**RECORD EXCERPTS**
<<<<
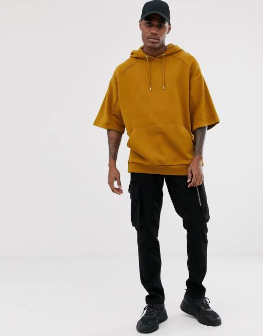 ASOS DESIGN oversized short sleeve hoodie with reverse brushback panels in tan Very well made.
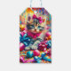 Cute Kitten spelar på födelsedagsstränder Presentetikett
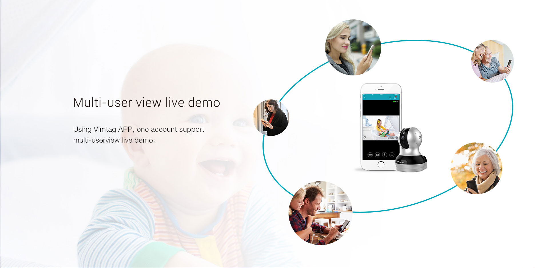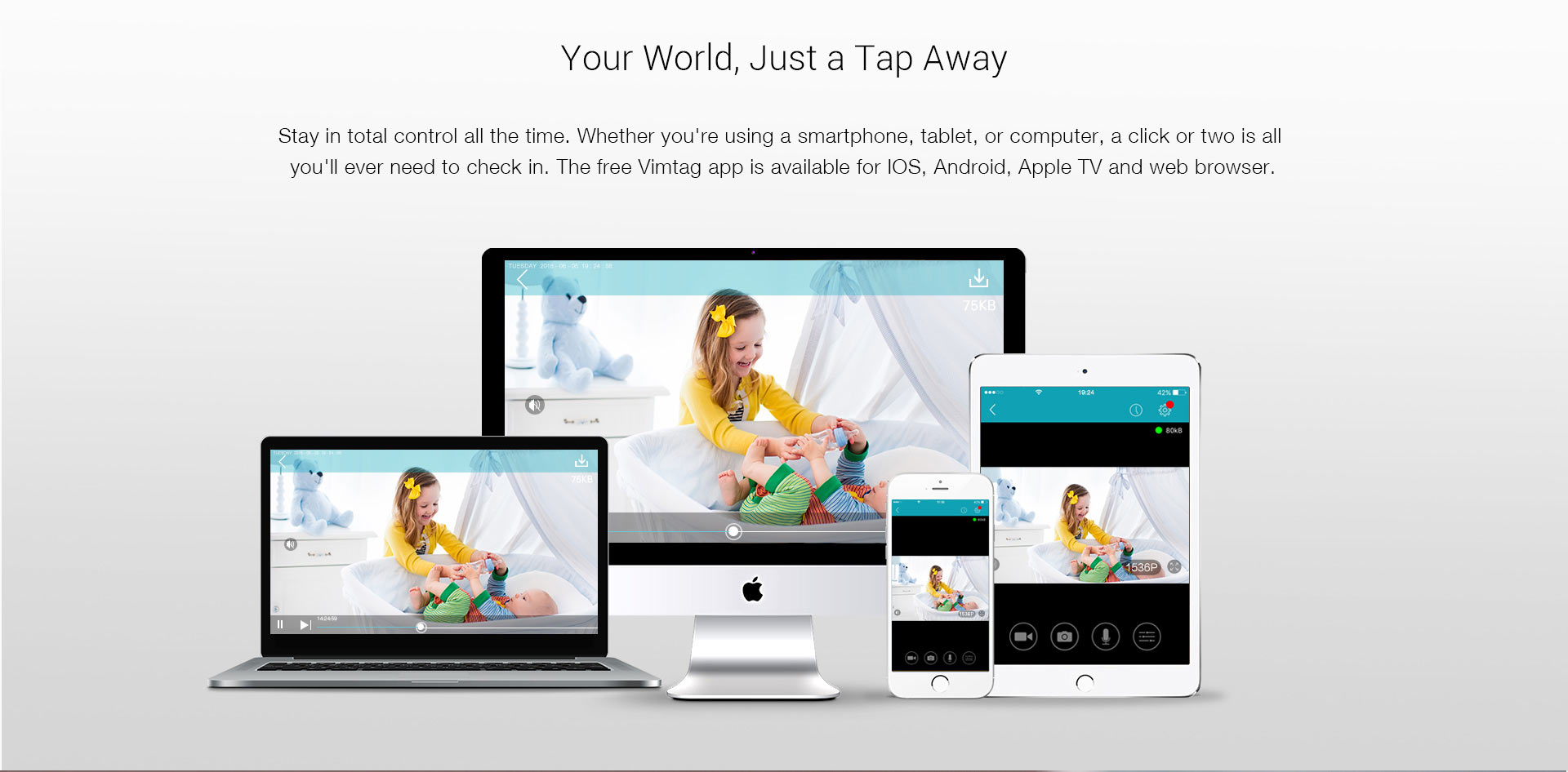 Nhờ một ứng dụng dành riêng cho điện thoại thông minh và máy tính bảng, nhiều người dùng có thể xem video cùng một lúc. Trong trường hợp vượt quá băng thông đầu ra của camera trong mạng cục bộ, việc liên lạc sẽ được thực hiện thông qua đám mây. Chỉ cần cài đặt ứng dụng trên thiết bị của bạn và thêm camera. Bạn cũng có thể sử dụng máy tính. Tất cả những gì bạn phải làm là cài đặt ứng dụng Vimtag cho hệ điều hành Windows.
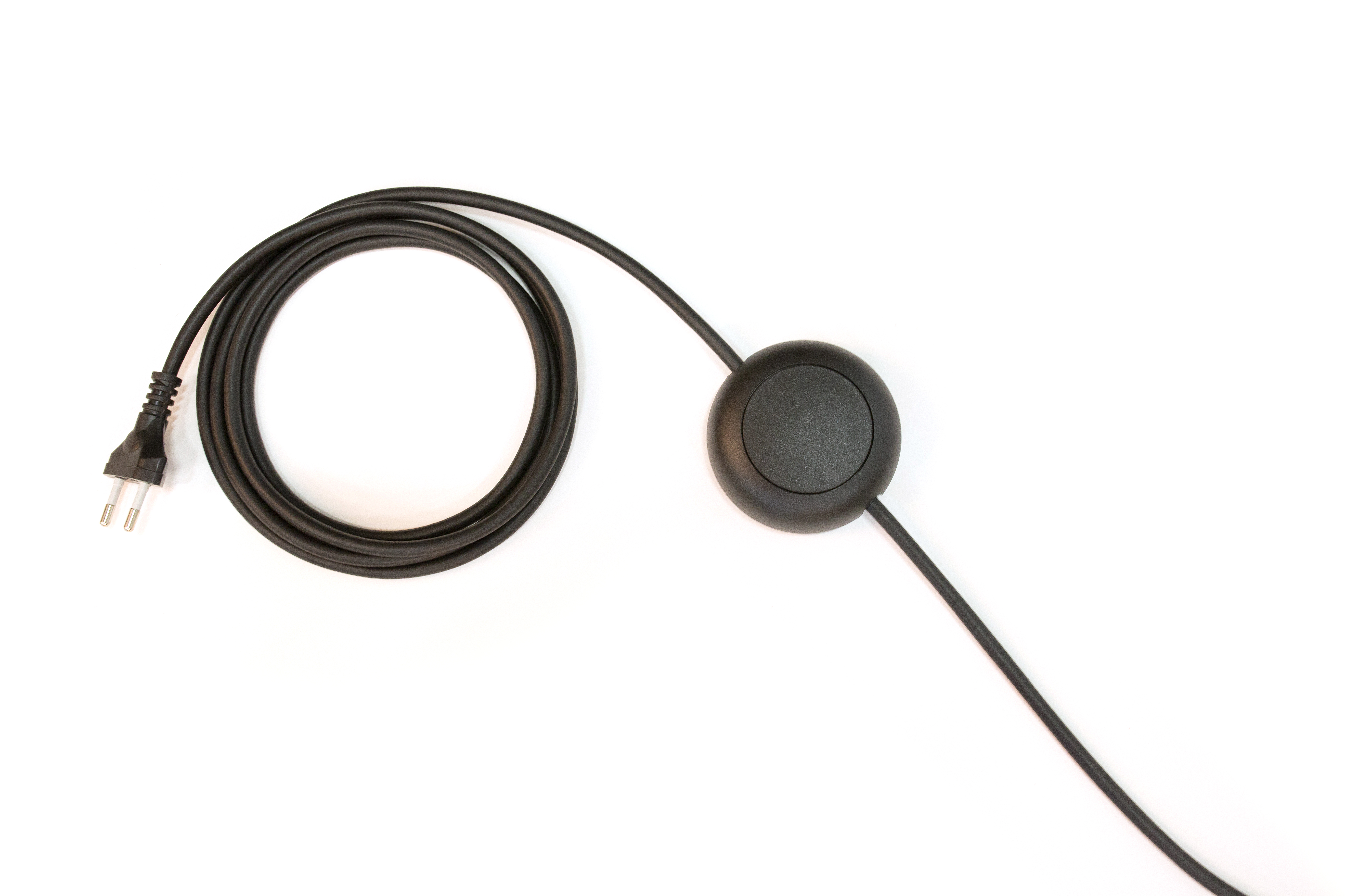über einen stufenlos dimmbaren Schnurdimmer. Das Gummikabel kann im
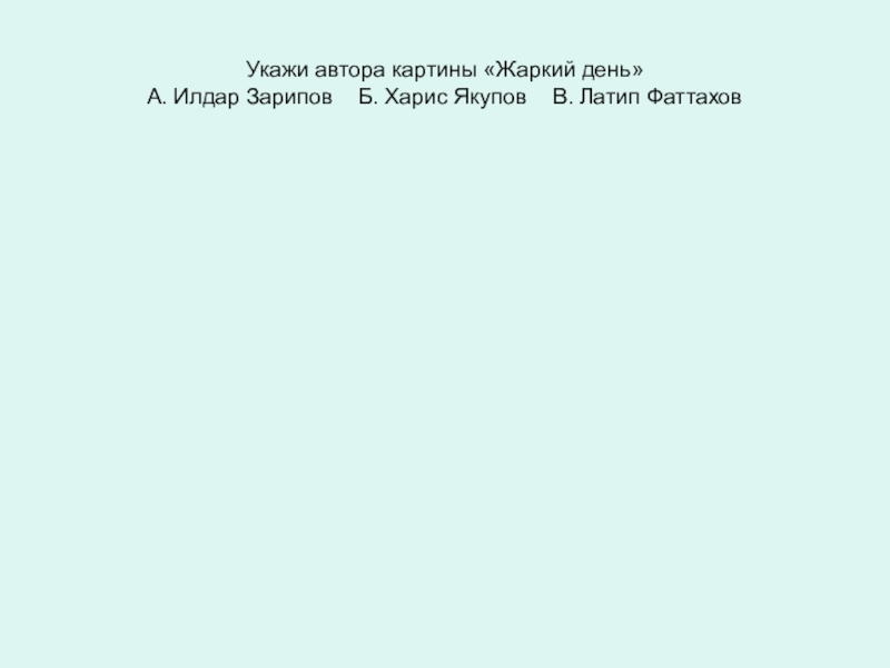 Слайд 4Укажи автора картины «Жаркий день» А. Илдар Зарипов Б. Харис Якупов
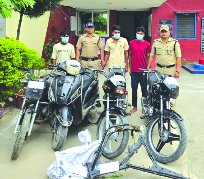 वाहन चोर की तलाशी में पुलिस ने घटनास्थल के आसपास के सीसीटीवी खंगाले। पुलिस ने मुखबिरों को सक्रिय करने के साथ चैकिंग अभियान चलाया। 4.2 माईल स्टोन पर पुलिस टीम ने चैकिंग के दौरान एक बाइक पर सवार तीन व्यक्तियों रोककर चैक किया तो उनके पास से थाने में बाइक चोरी से संबंधित चोरी की बाईक बरामद हुई। सख्ती से पूछताछ करने पर आरोपितों ने विभिन्न स्थानों से चोरी किये तीन अन्या दुपहिया वाहनों को नीलधारा के पास झाडियों में से बरामद कराया।
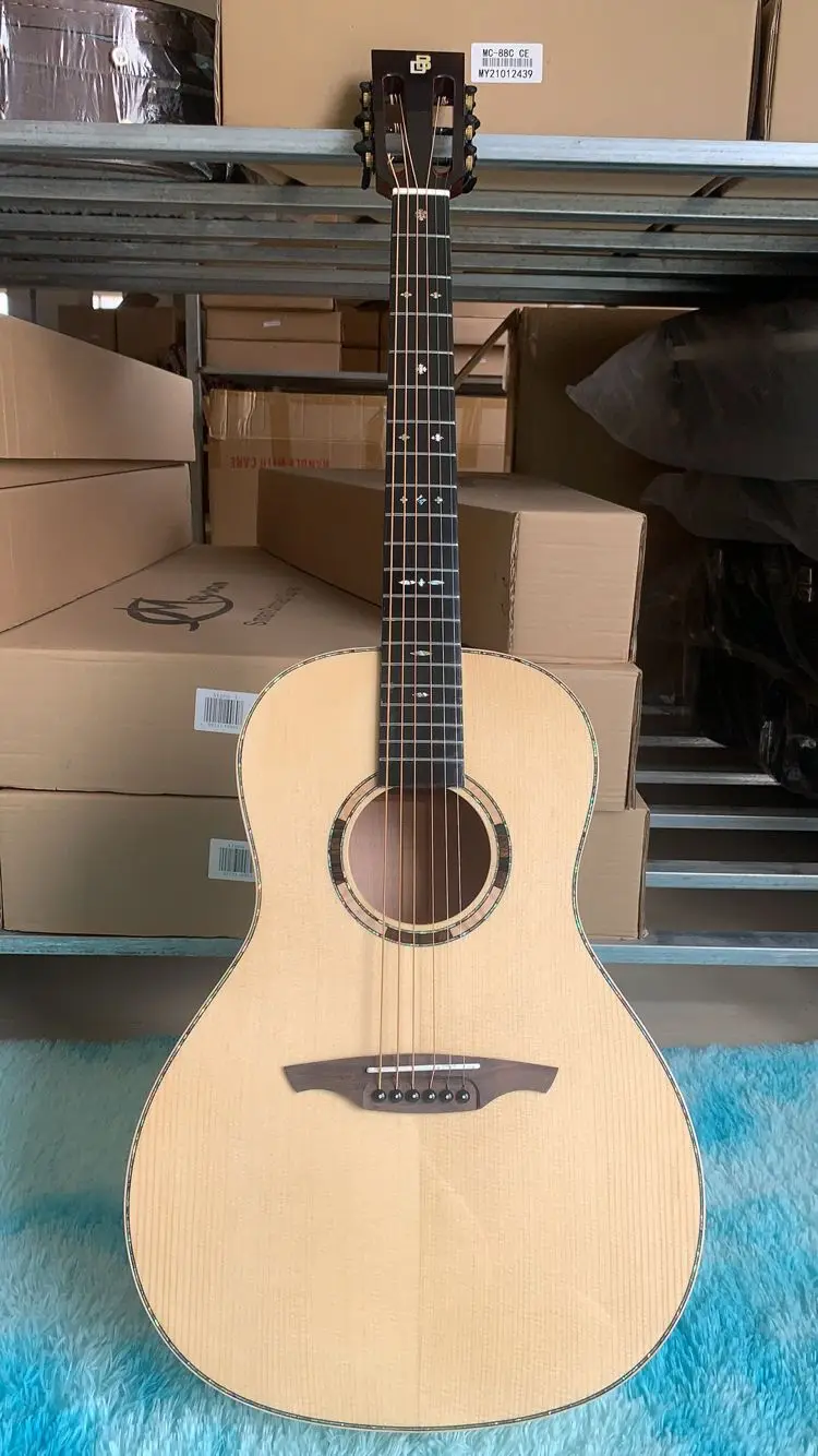 Акустическая гитара из цельного дерева, 38 дюймов, Еловая древесина, верх, пламя, клен, задняя и боковая сторона, 6 струн, 20F, высокий глянец с классической головкой
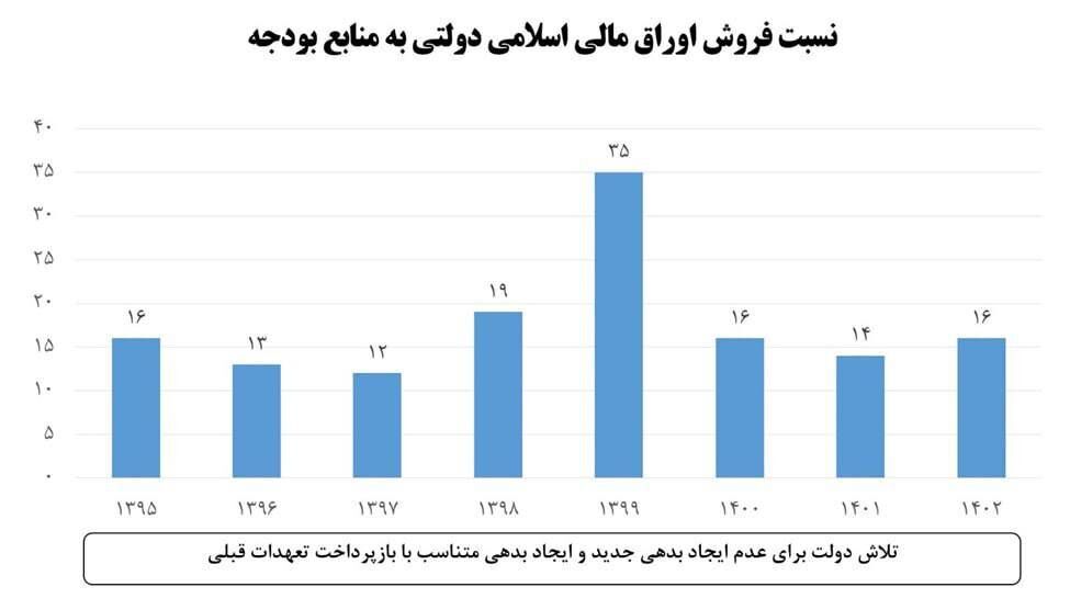 یکی از روش های تامین مالی ناپایدار مورد استفاده دولت ها، انتشار اوراق قرضه مالی (قرض گرفتن) است. اگرچه اصل بدهی عمومی کارکرد اقتصادی کلان مفیدی دارد، اما محدودیت ها و مقررات مالی باید در این زمینه در نظر گرفته شود. بررسی عملکرد تامین مالی بودجه توسط محل انتشار اوراق مالی اسلامی دولت نشان میدهد که نسبت فروش اوراق به کل منابع بودجه عمومی در سالهای پایانی دولت دوازدهم از ۱۲ درصد در سال ۱۳۹۶ به ۳۵ درصد در سال ۱۳۹۸ افزایش یافته است. این امر نشان دهنده سهل انگاری در حفظ ثبات بدهی عمومی است و البته در سال های بعد فشار قابل توجهی را بر سیستم بودجه ای دولت برای بازپرداخت سرمایه و زیرمجموعه های این اوراق وارد می کند. در سالهای سلطنت سیزدهم (۱۴۰۰-۱۴۰۲)، با توجه به تمرکز دولت بر تأمین مالی از منابع درآمدی پایدار و نیاز به استفاده از اوراق قرضه مالی، نسبت استقراض مالی از منابع بودجهای از ۳۵ درصد در سال ۲۰۱۹ افزایش یافت. در دوره دولت سیزدهم به طور متوسط حدود ۱۵ درصد افزایش یافت.
>>>>
**REQUIRED WORK**
Starting at the first line of the records above, set down each line exactly through the one that holds "Слайд 4Укажи автора". Omit pictures.

**SOLUTION TO THIS PROBLEM**
 ASOS DESIGN oversized short sleeve hoodie with reverse brushback panels in tan Very well made.
 Cute Kitten spelar på födelsedagsstränder Presentetikett
 Nhờ một ứng dụng dành riêng cho điện thoại thông minh và máy tính bảng, nhiều người dùng có thể xem video cùng một lúc. Trong trường hợp vượt quá băng thông đầu ra của camera trong mạng cục bộ, việc liên lạc sẽ được thực hiện thông qua đám mây. Chỉ cần cài đặt ứng dụng trên thiết bị của bạn và thêm camera. Bạn cũng có thể sử dụng máy tính. Tất cả những gì bạn phải làm là cài đặt ứng dụng Vimtag cho hệ điều hành Windows.
über einen stufenlos dimmbaren Schnurdimmer. Das Gummikabel kann im
 Слайд 4Укажи автора картины «Жаркий день» А. Илдар Зарипов Б. Харис Якупов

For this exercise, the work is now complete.